Growing up with a severely limited musical library (my entire exposure to music pre high school was Broadway Showtunes), I really knew very little about music.
Once I hit high school, I bought The Eagles Hotel California and anything from KISS… but that was only because I thought they were ‘cool’. It wasn’t really my musical taste. I liked Cat Stevens, Billy Joel and Elton John. I still do. But the way I got out of my comfort zone, the way I managed to expand my musical tastes….soundtracks.
Every movie I went to, I wanted to get the soundtrack. Footloose (the original), Fame (the original), Dirty Dancing,The Big Chill…even Top Gun: I had them all! I felt like a whole new world had opened up to me.

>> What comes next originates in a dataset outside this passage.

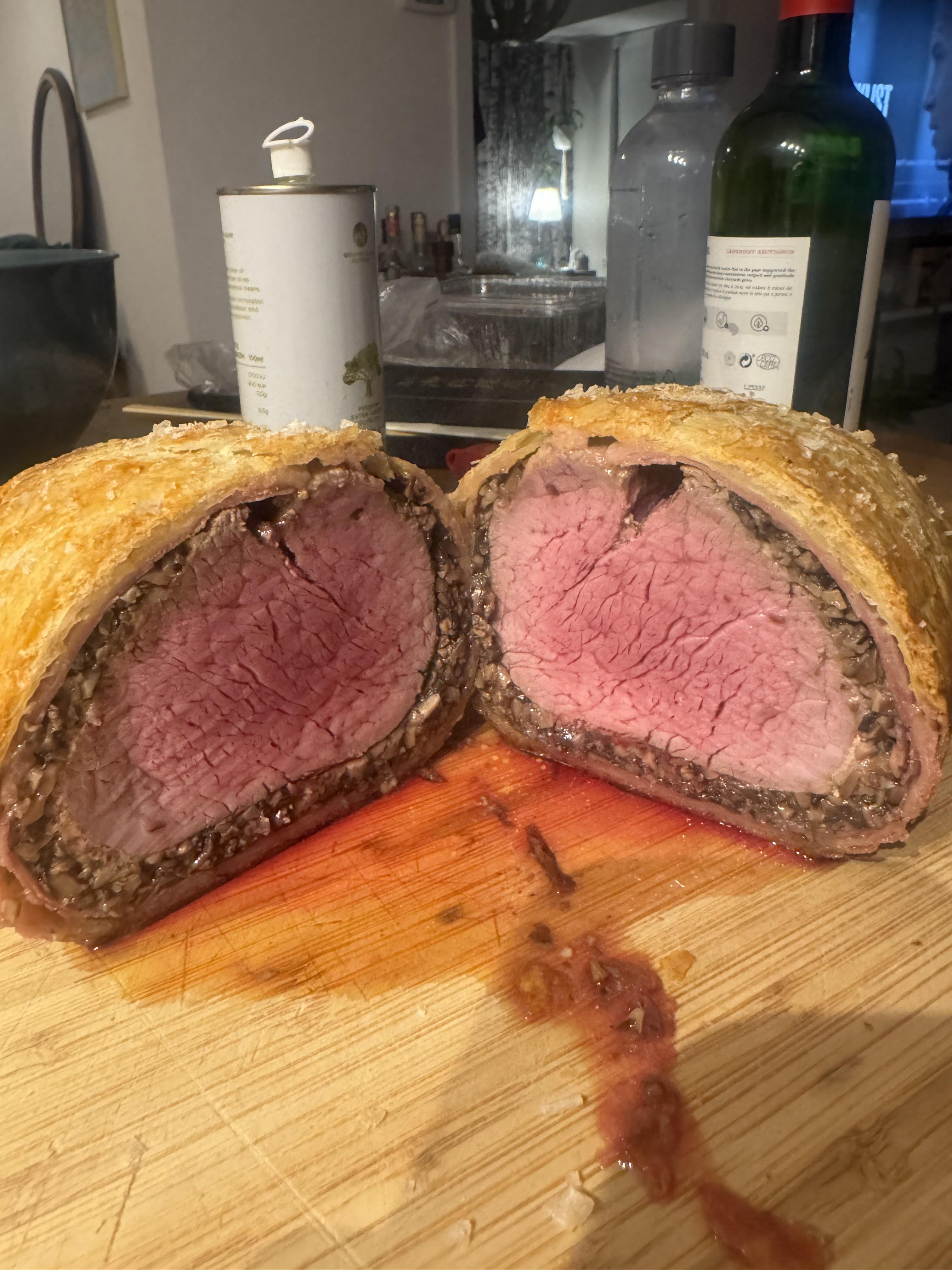 First try! Meat was a touch over and I sliced it a couple mins too soon because I was so excited but I popped it on a rack so it didn’t bleed out all over the pastry and make it soggy. Fuckin slapped! by wetwilly2140 Food

The first musical risk I ever took was getting the soundtrack of The Lost Boys. The music was unlike the folksy seventies music I enjoyed, it was different than the poppy eighties music I was comfortable with…it was dark. Really dark. And it was from the scariest film I had seen up to that point (okay…Dead Ringers and Children of the Corn were a tad scarier; however, I couldn’t get through either of them). Sitting in the dark theatre, hearing Gerard McMahon’s eerie goth rock anthem coupled with his biblical ‘Thou Shall Not’ lyrics, opened up my eyes to new musical possibilities. Cry Little Sister may be my favorite soundtrack song ever. While I didn’t love the entire album, I certainly love that song. (Another great song from the soundtrack is Echo and the Bunnymen’s People are Strange.)